1. De bestreden uitspraak
Het Hof heeft in hoger beroep - met vernietiging van een bij verstek gewezen vonnis van de Politierechter in de Arrondissementsrechtbank te Dordrecht van 19 september 2001, voorzover aan 's Hofs oordeel onderworpen, - de verdachte ter zake van "medeplegen van opzetheling" veroordeeld tot zes weken gevangenisstraf. Voorts is de tenuitvoerlegging gelast van twee voorwaardelijk opgelegde straffen.
2. Geding in cassatie
Het beroep is ingesteld door de verdachte. Namens deze heeft mr. G.P. Hamer, advocaat te Amsterdam, bij schriftuur een middel van cassatie voorgesteld. De schriftuur is aan dit arrest gehecht en maakt daarvan deel uit.
De Advocaat-Generaal Wortel heeft geconcludeerd dat de Hoge Raad het beroep zal verwerpen.
3. Beoordeling van het middel
3.1. Het middel behelst primair de klacht dat het Hof ten onrechte, althans onvoldoende gemotiveerd, de dagvaarding in hoger beroep niet nietig heeft verklaard, en subsidiair dat het Hof ten onrechte, althans onvoldoende gemotiveerd, de behandeling van de zaak niet heeft aangehouden.
3.2. Voor de beoordeling van het middel is het volgende van belang:
a. Blijkens een daarvan opgemaakte akte is namens de verdachte op 2 oktober 2001 hoger beroep ingesteld tegen het in eerste aanleg gewezen vonnis. Die akte vermeldt als adres van de verdachte [a-straat 1] te [plaats B].

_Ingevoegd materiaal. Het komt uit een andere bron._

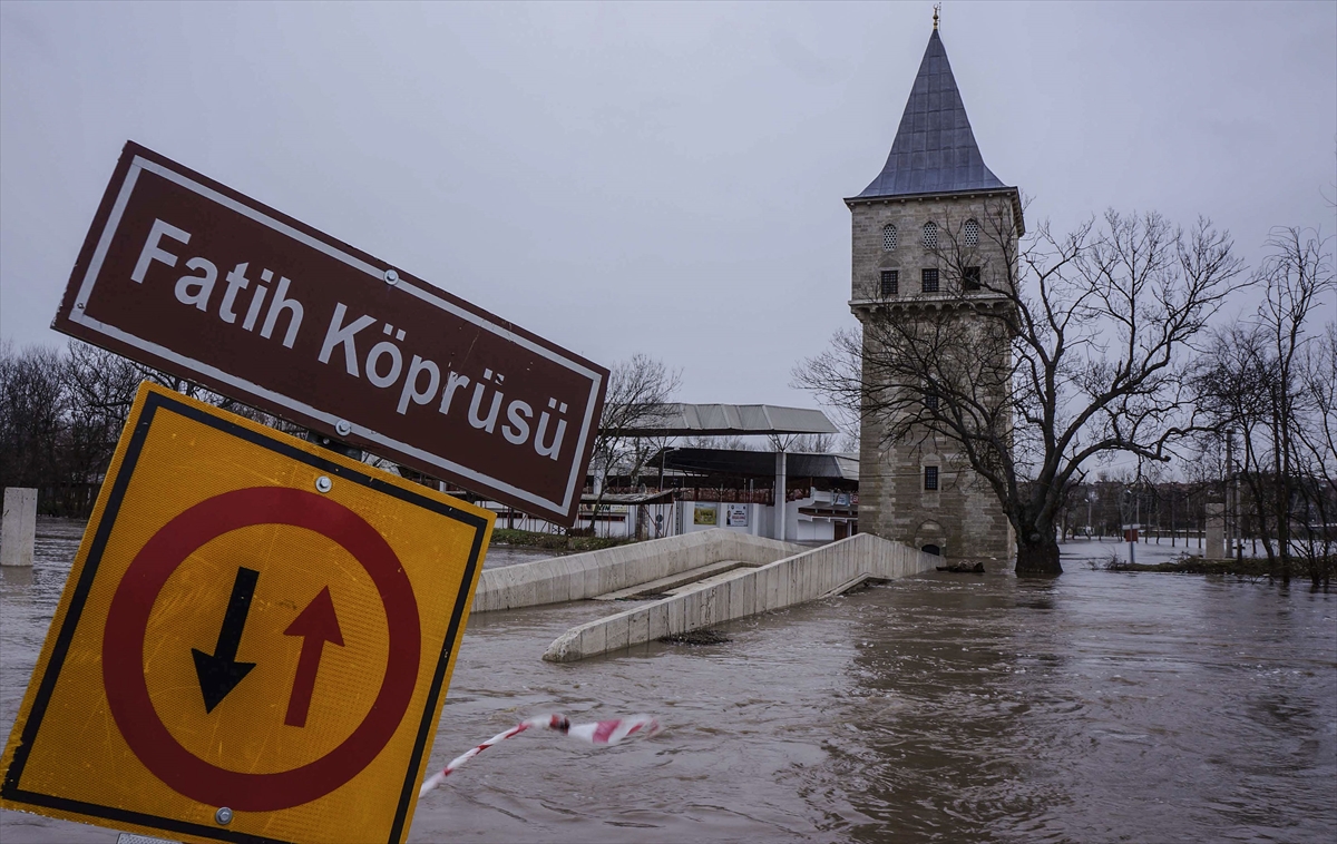 Tunca'nın debisinin yükselmesi nedeniyle Fatih ve Kanuni köprüleri trafiğe kapalı tutulmaya devam ediliyor.
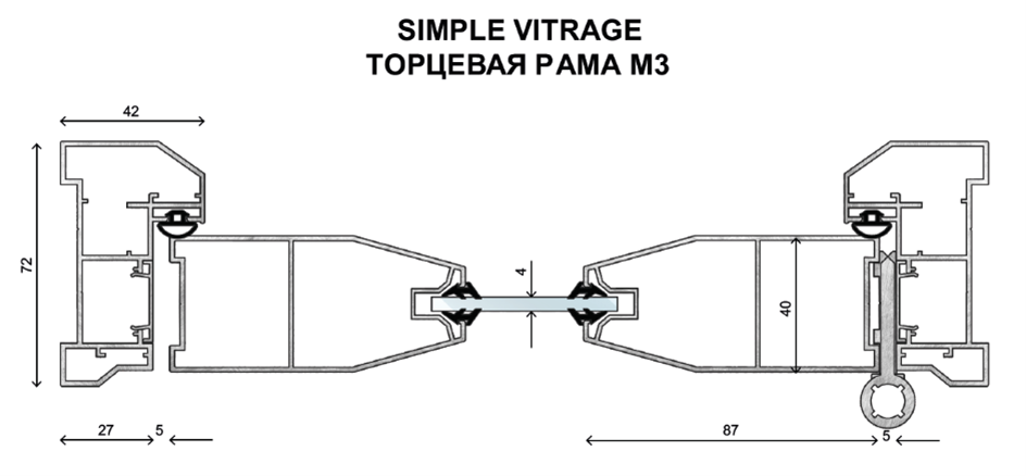 Система М3, толщиной 75мм, видимая часть профиля с фасада стекла 26 или 40мм

Blijkens het hierna onder c te noemen verwerkingsoverzicht GBA-gegevens stond de verdachte van 18 september 2000 tot 12 november 2001 op dat adres ingeschreven in de gemeentelijke basisadministratie persoonsgegevens.
b. Een aan het dubbel van de dagvaarding in hoger beroep gehechte akte van uitreiking houdt in dat die dagvaarding, na een vergeefse poging tot uitreiking aan het onder a genoemde adres, op 11 oktober 2002 is uitgereikt aan de (waarnemend) griffier van de Rechtbank te 's-Gravenhage, omdat "van de geadresseerde geen woon- of verblijfplaats in Nederland bekend is".
c. Blijkens het aan die akte van uitreiking gehechte verwerkingsoverzicht GBA-gegevens van 11 oktober 2002 is de verdachte op 12 november 2001 "vertrokken naar een land onbekend".
d. Dit verwerkingsoverzicht bevat een handgeschreven notitie die luidt "VIPS 30.10.02 Niet gedetineerd. Per 21.10.2002 ingeschreven in [...] [plaats B] [c-straat 1]".
e. Blijkens het proces-verbaal van de terechtzitting in hoger beroep van 1 november 2002 is de verdachte aldaar niet verschenen en is verstek tegen hem verleend.
f. Dat proces-verbaal en het arrest van het Hof vermelden als adres van de verdachte: [c-straat 1] te [plaats B].
3.3. Het in de bestreden uitspraak besloten liggende oordeel van het Hof dat de verdachte ten tijde van de uitreiking van de dagvaarding in hoger beroep op 11 oktober 2002 niet stond ingeschreven in de gemeentelijke basisadministratie persoonsgegevens en dat toen evenmin een feitelijke woon- of verblijfplaats van hem bekend was, is ook zonder nadere motivering niet onbegrijpelijk. Daarvan uitgaande kon het Hof oordelen dat de dagvaarding in hoger beroep, die overeenkomstig art. 588, eerste lid aanhef en onder b sub 3°, Sv is uitgereikt, rechtsgeldig is betekend. De primaire klacht faalt derhalve.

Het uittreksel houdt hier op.